3. Curta duração do sono
O padrão de sono de um bebê é diferente do de um adulto. É normal que eles acordem com frequência, e isso faz parte do seu desenvolvimento. A indústria, porém, pode transformar esse comportamento em uma “condição” e sugerir produtos que supostamente ajudem o bebê a dormir por mais tempo.
O perigo da desinformação
Quanto menos os pais souberem sobre o comportamento normal do bebê, mais difícil será criar expectativas realistas. Isso os torna suscetíveis às propagandas enganosas da indústria, o que pode colocar a amamentação em risco.
A estratégia da indústria farmacêutica e de substitutos do leite materno é patologizar esses comportamentos normais do desenvolvimento infantil, transformando-os em condições clínicas para as quais oferecem “soluções” em forma de medicamentos ou produtos alimentares.
A insegurança de mães e pais: a porta de entrada para a fórmula
O grande objetivo da indústria é aumentar a insegurança dos pais em relação à alimentação infantil, levando-os a acreditar que o leite materno é insuficiente ou que o comportamento normal do bebê requer algum tipo de intervenção. Essa prática pode comprometer a amamentação exclusiva, que é essencial para o desenvolvimento saudável do ser humano.

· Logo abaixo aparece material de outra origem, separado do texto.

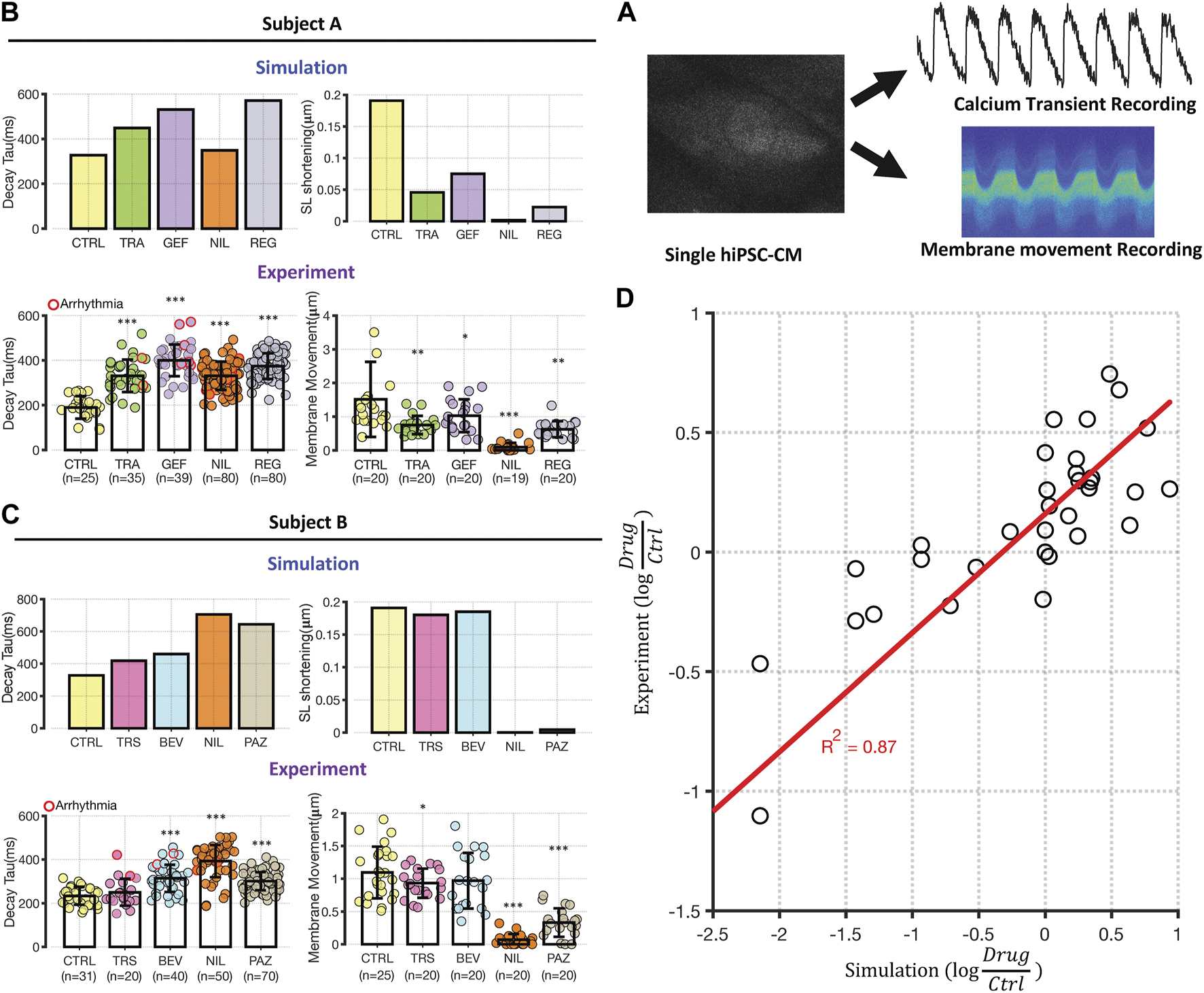 Experimental testing of transcriptomic based simulation predictions. (A) Schematic illustrating that iPSC-CMs were loaded with either fluo3 or FluoVolt for CaT or membrane movement recordings, respectively. Metrics were extracted from fluorescence time course measurements for comparison with simulation results. (B, C) Comparison between simulations of Decay Tau (left bar graphs) and SL shortening (right bar graphs) in the two cell lines. Simulation results for control conditions and four drugs in each cell line are shown above experimental results under the same conditions. Results from Cell Lines A and B are displayed in panels (B) and (C), respectively. Error bars indicate standard deviation, and asterisks indicate significantly different from control, based on two sample, unpaired t-test (*p < 0.05, **p < 0.01 and ***p < 0.001). The number of experimental samples in each group is provided beneath the experimental bar graphs. (D) Direct comparison of modeling predictions (abscissa) with experimental data (ordinate), with each expressed as the logarithm of the change in drug-treated relative to vehicle-treated iPSC-CMs. Each dot represents a change in a time course metric (Decay Tau, CaT triangulation, CaT AUC, and SL shortening) caused by changes in gene expression induced by a particular drugs. Results from Cell Lines A and B are grouped together, and the calculated R2 of 0.87 includes 3 data points that induce extreme changes to metrics and are not visible on this scale.

Além disso, uma vez que a fórmula é introduzida na rotina alimentar do lactente, normalmente em mamadeira, aumenta-se o risco potencial de um desmame precoce por confusão de bicos ou do abandono da amamentação por decisão dos pais ao não ver sentido na manutenção do aleitamento misto, com implicações negativas para a saúde física e emocional da díade mãe-bebê.
Proteger é preciso!
Entender como as regras de mercado influenciam as normas culturais deve levar, portanto, à elaboração de políticas públicas que visem a proteção das famílias quanto às práticas de marketing da indústria, adotando uma abordagem abrangente que alerte sobre propagandas enganosas e a influência da indústria da fórmula sobre profissionais de saúde e suas sociedades, pesquisadores e todo o ambiente de assistência à saúde.
Essa é a única maneira de que pais e mães possam identificar e separar o joio do trigo no amplo leque de informações, propostas e recomendações que verão na internet e receberão tanto de leigos, as tais influenciadoras, como de profissionais ao longo do processo de maternagem e amamentação.
* Gabrielle é Puericultora, mãe de três, editora associada do portal aleitamento.com e autora do livro “Leite Fraco? – Guia prático para uma amamentação sem mitos”. @gabicbs
Referência:
[1] Pérez-Escamilla R, Tomori C, Hernández-Cordero S, Baker P, Barros AJD, Bégin F, Chapman DJ, Grummer-Strawn LM, McCoy D, Menon P, Ribeiro Neves PA, Piwoz E, Rollins N, Victora CG, Richter L; 2023 Lancet Breastfeeding Series Group. Breastfeeding: crucially important, but increasingly challenged in a market-driven world. Lancet. 2023 Feb 11;401(10375):472-485. doi: 10.1016/S0140-6736(22)01932-8. Epub 2023 Feb 7. Erratum in: Lancet. 2023 Mar 18;401(10380):916. PMID: 36764313.